As the Silhouette Index ranges from 0.46 to 0.55 and the DBI ranges from 0.58 to 0.70, the number of clusters is deemed acceptable in each of those conditions. This "objective" indicator allows us to see that 3 story types are generally present in most conditions. Each of these types of stories is then repeated a large number of times with variations, corresponding to the probabilities of the LLMs displaying words one after the other. We can better understand that in test IV2 there was a significantly different (human) creativity score between GPT3.5 and GPT4. Indeed, whereas the "fantastic" criterion is part of the EPoC manual's scoring grid for creative ideas, fanciful ideas are much more frequent for GPT4, as well as being the only condition to have a fourth class showing more some variety in the stories. Thus, even if the increase is not large (MGPT3.5 = 3.33, MGPT4 = 3.88) in a descriptive way, we can still argue that the increased score from GPT4 in IV2 is due to a better propensity to generate variation between the stories and with the characters.

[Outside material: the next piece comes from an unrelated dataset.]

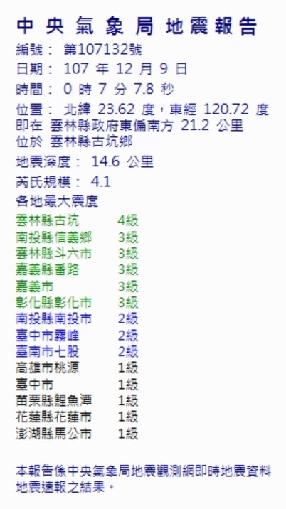 根據中央氣象局地震報告,今天凌晨0時7分7.8秒雲林縣發生芮氏規模4.1地震,震央位於雲林縣政府東偏南方21.2公里的古坑鄉,震源深度14.6公里,最大震度雲林縣古坑鄉4級。

Finally, the multifactorial approach to creativity assessed with EPoC’s norms for the French population, allows us to give an objective score in comparison to humans. As the EPoC is a test designed for children and teenagers, we chose to compare the scores at the maximum age possible, those of a teenager in "ninth grade" (end of French middle school). The results are presented in Table 6. The EPoC quotients can be interpreted like IQ quotients (m = 100), with each standard deviation from the calibration population being s.d = 15. For the ninth grade, the maximum score available in the norms at those quotients is 138. The EPoC can also be used to identify individuals who would be "High Potential" Verbal Creatives, if they have at least one standard deviation above the mean in the two quotients previously mentioned.
The results show that GPT4 is better overall on the Divergent Verbal Quotient (DVQ) than GPT3.5 (t(98) = 2.74, p < .01). However, for verbal divergent thinking scores, the scoring system may need to be reviewed, as it is based on fluency and ChatGPT showed a ceiling effect when scored based on human fluency norms. GPT4 always scored 138 on this scale with s.d = 0, indicating a lack of variability in scores. As mentioned above, for tasks requiring content generation, it is normal for GAIs to outperform humans. It is more interesting to study the verbal integrative quotient (IVQ). Although above the average for a ninth-grader (population mean = 100), the scores are below the first standard deviation, indicating that the perceived quality of creativity of the stories provided by GPT3.5 and GPT4 is not particularly high. It is important to note, however, that GPT4 has a statistically higher IVQ than GPT3.5 (t(98) = 3.60; p < .001), indicating that GPT4 performs better on creative integrative tasks.